**REQUIRED WORK**
Restate each entry below exactly; pictures stay out of the copy.

════════════════════

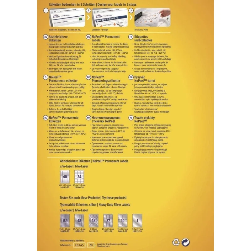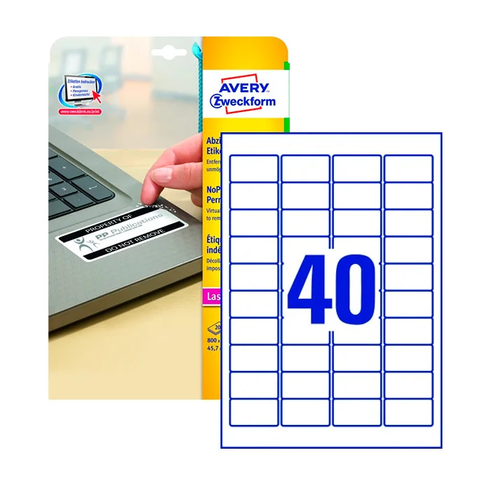 Этикетки высокостойкие Avery Zweckform L6145-20, белые, 45.7x25.4мм, 40шт на листе А4, 20 листов
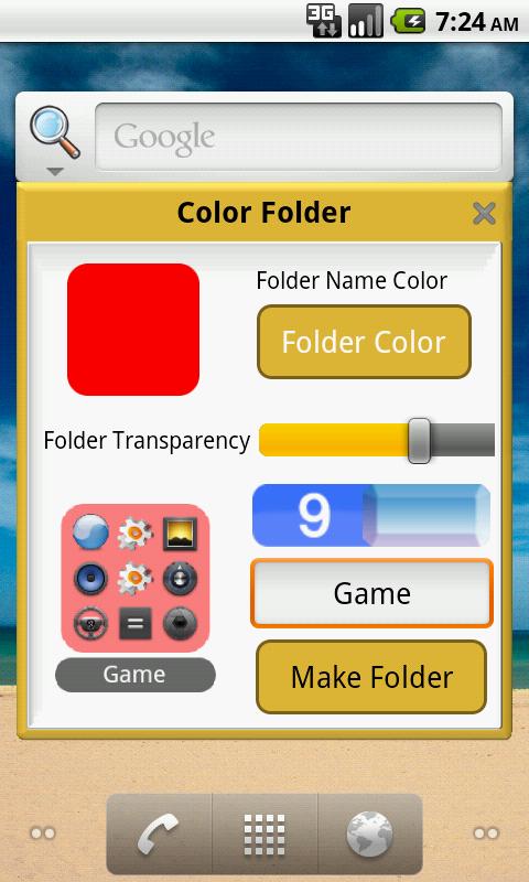 Color, transparency, change for folder of the application, telephone number and bookmark
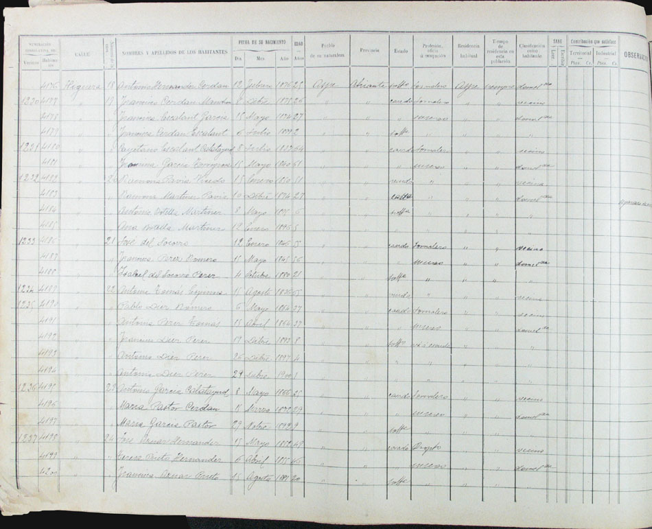 Hojas declaratorias por familias y Padrón de habitantes, 1877
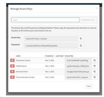 If access key creation is enabled by your administrator, those access keys can authenticate scripts and OData when using Windows, LDAP, or OpenID Connect authentication. Note that Windows Authentication and LDAP support OData export to Power BI and Excel, but users working with OData receivers that are not a Windows product will be able to authenticate with the Access Key and associated password.
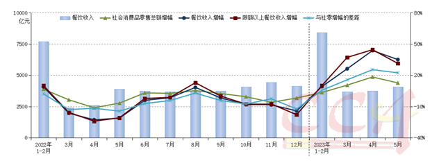 國(guó)家統(tǒng)計(jì)局6月15日發(fā)布的5月份國(guó)民經(jīng)濟(jì)運(yùn)行數(shù)據(jù)顯示,2023年5月份,全國(guó)餐飲收入4070億元,同比上升35.1%;限額以上單位餐飲收入1084億元,同比上升31.4%。2023年1-5月,全國(guó)餐飲收入19958億元,同比上升22.6%;限額以上單位餐飲收入5086億元,同比上升25.4%。
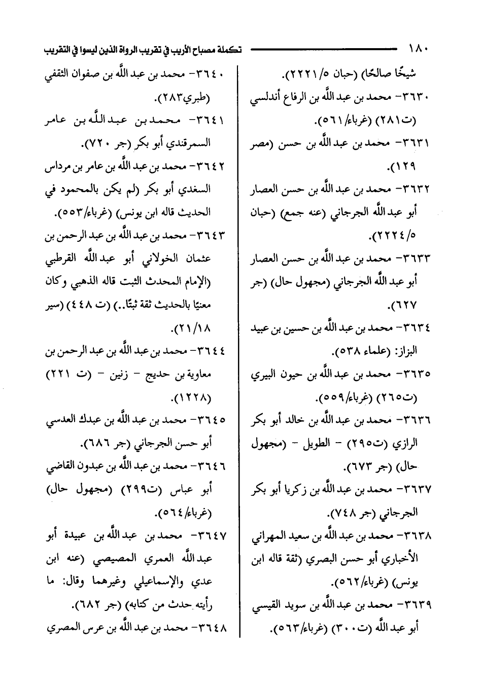 3643 - محمد بن عبد الله بن عبد الرحمن بن عثمان الخولاني أبو عبد الله القرطبي (الإمام المحدث الثبت قاله الذهبي وكان معنيًا بالحديث ثقة ثبتًا ..) (ت 448) (سير 18/ 21).
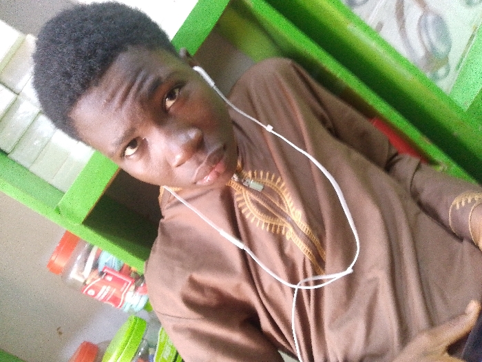 A young, dark-skinned man with short, curly hair is wearing a brown, long-sleeved shirt with gold embroidery around the neckline. White earphones are in his ears. The background is a blurred image of green shelves holding various items. The photo is taken at a slight angle, with the man looking directly at the camera. The overall image is casual and slightly grainy.
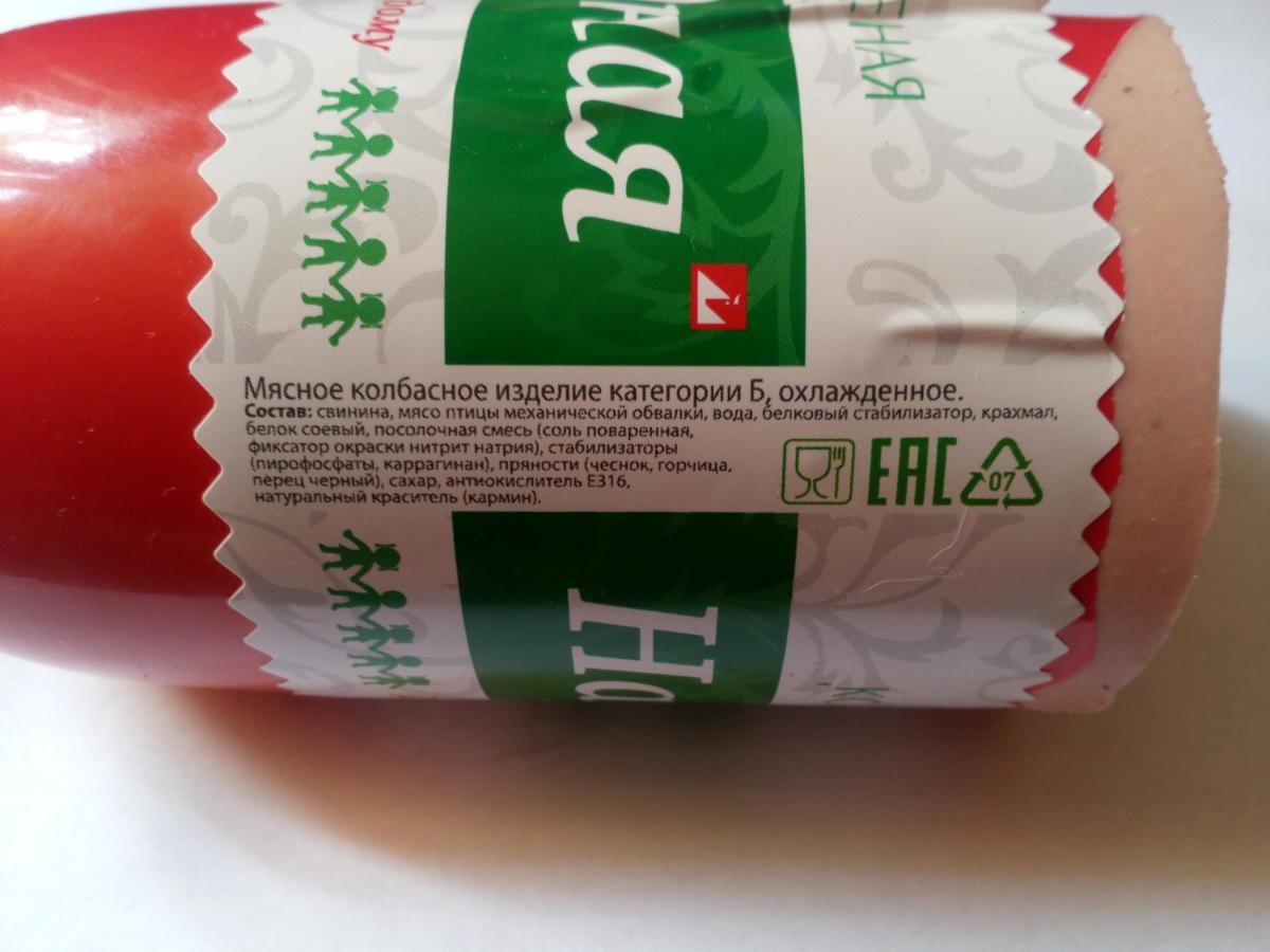 Состав: свинина,мясо птицы механической обвалки, вода, белковый стабилизатор, крахмал, белок соевый, посолочная смесь,(соль поваренная, фиксатор окраски нитрит натрия), стабилизаторы ( пирофосфаты, каррагинан), пряности (чеснок, горчица, перец черный), сахар, антиокислитель Е316, натуральный краситель (кармин)

════════════════════

**RESPONSE TO THE EXERCISE**
 Этикетки высокостойкие Avery Zweckform L6145-20, белые, 45.7x25.4мм, 40шт на листе А4, 20 листов
 Color, transparency, change for folder of the application, telephone number and bookmark
 Hojas declaratorias por familias y Padrón de habitantes, 1877
 If access key creation is enabled by your administrator, those access keys can authenticate scripts and OData when using Windows, LDAP, or OpenID Connect authentication. Note that Windows Authentication and LDAP support OData export to Power BI and Excel, but users working with OData receivers that are not a Windows product will be able to authenticate with the Access Key and associated password.
 國(guó)家統(tǒng)計(jì)局6月15日發(fā)布的5月份國(guó)民經(jīng)濟(jì)運(yùn)行數(shù)據(jù)顯示,2023年5月份,全國(guó)餐飲收入4070億元,同比上升35.1%;限額以上單位餐飲收入1084億元,同比上升31.4%。2023年1-5月,全國(guó)餐飲收入19958億元,同比上升22.6%;限額以上單位餐飲收入5086億元,同比上升25.4%。
 3643 - محمد بن عبد الله بن عبد الرحمن بن عثمان الخولاني أبو عبد الله القرطبي (الإمام المحدث الثبت قاله الذهبي وكان معنيًا بالحديث ثقة ثبتًا ..) (ت 448) (سير 18/ 21).
 A young, dark-skinned man with short, curly hair is wearing a brown, long-sleeved shirt with gold embroidery around the neckline. White earphones are in his ears. The background is a blurred image of green shelves holding various items. The photo is taken at a slight angle, with the man looking directly at the camera. The overall image is casual and slightly grainy.
 Состав: свинина,мясо птицы механической обвалки, вода, белковый стабилизатор, крахмал, белок соевый, посолочная смесь,(соль поваренная, фиксатор окраски нитрит натрия), стабилизаторы ( пирофосфаты, каррагинан), пряности (чеснок, горчица, перец черный), сахар, антиокислитель Е316, натуральный краситель (кармин)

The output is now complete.